College has gotten expensive. The average cost of tuition for a public college was $9,834 in the 2022-2023 school year and $40,713 for a private nonprofit college, according to the Department of Education.
As the cost of college has increased, so has the usage of 529 plans — tax-advantaged investment accounts used to pay for education expenses. In 2008, the value of all 529 plans was $105 billion. By the end of 2024, that amount roughly quintupled to $525 billion, according to the Investment Company Institute and the College Savings Plan Network.
The Motley Fool has compiled key 529 plan statistics to see just how popular these accounts have become and how much parents are relying on them to fund their children’s higher education.
529 plan basics
Here are the basics of a 529 plan:
- They are funded with after-tax dollars, but gains are tax-free, and withdrawals for qualified educational purposes are not taxed.
- Initially designed solely for paying for higher education, they can now be used for a variety of education expenses.
- 529 plans are state-sponsored, although investing in a plan run by one's state of residence is not required.
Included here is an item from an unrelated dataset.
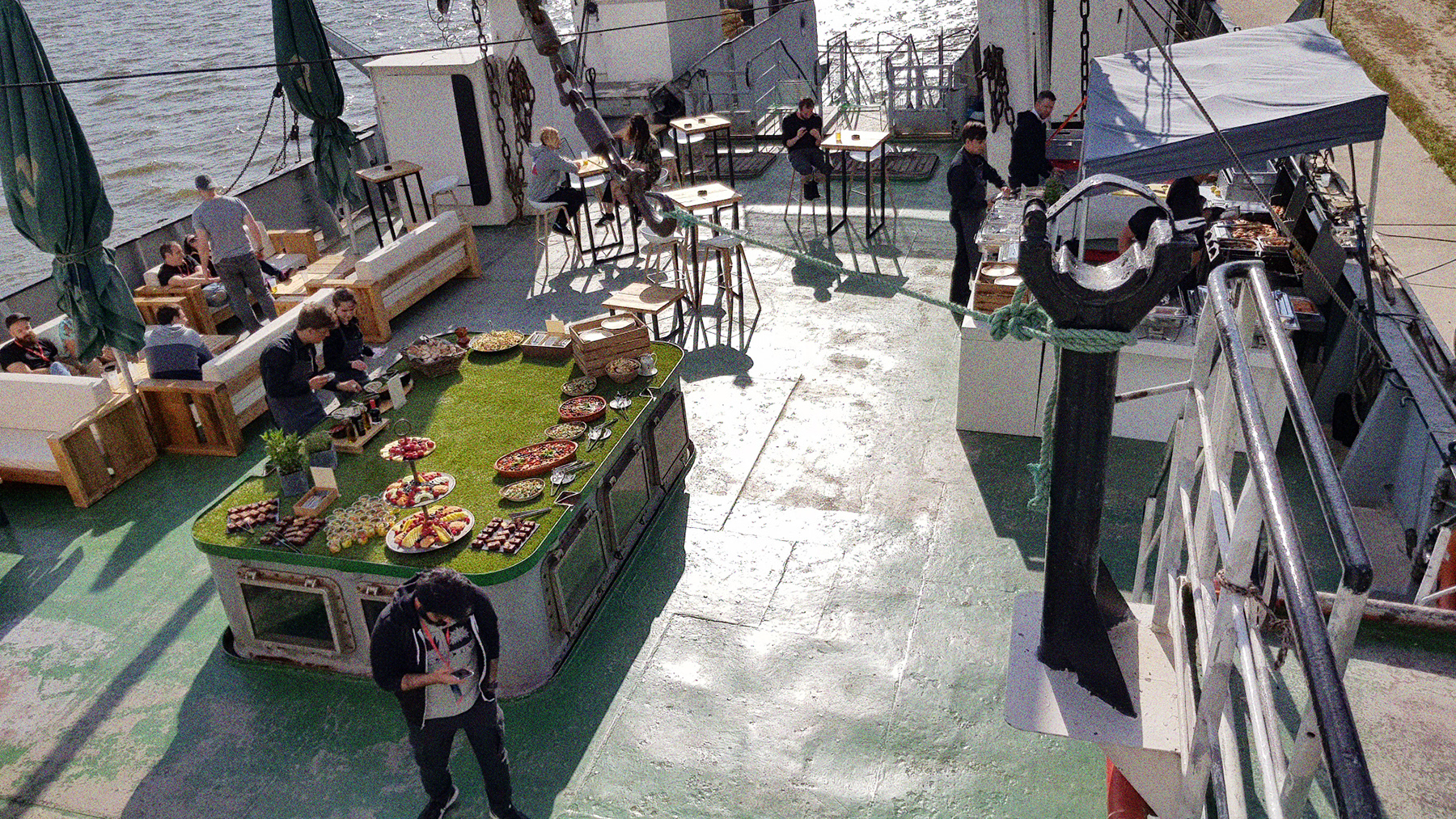 200 m², view of Elbe bridges and the harbor, 300 people, large bar, small balcony at the stern, optional sun canopy.

Investors are free to choose any state's plan, although some states offer incentives for residents.
- There are two types of 529 plans for those who intend to use the account to pay for college: prepaid tuition plans and savings plans.
- Prepaid tuition plans allow the funder to pay tuition at a specific college or university system in advance, which can be beneficial if tuition costs are expected to increase by the time the beneficiary attends the school.
- Savings plans allow the funder to invest in various funds and offer greater flexibility in how those funds are ultimately used.
For a deeper dive into how 529 plans work, check out The Motley Fool’s explainer.
Average 529 college savings plan contribution
The average tuition paid by a 529 plan is $3,225, about 10% of the overall cost of attendance, according to Sallie Mae.
That’s slightly less than the value of borrowed contributions from both parents and students, which includes loans, and about a quarter of the value that parents contribute via other non-borrowed means, like savings or other investments.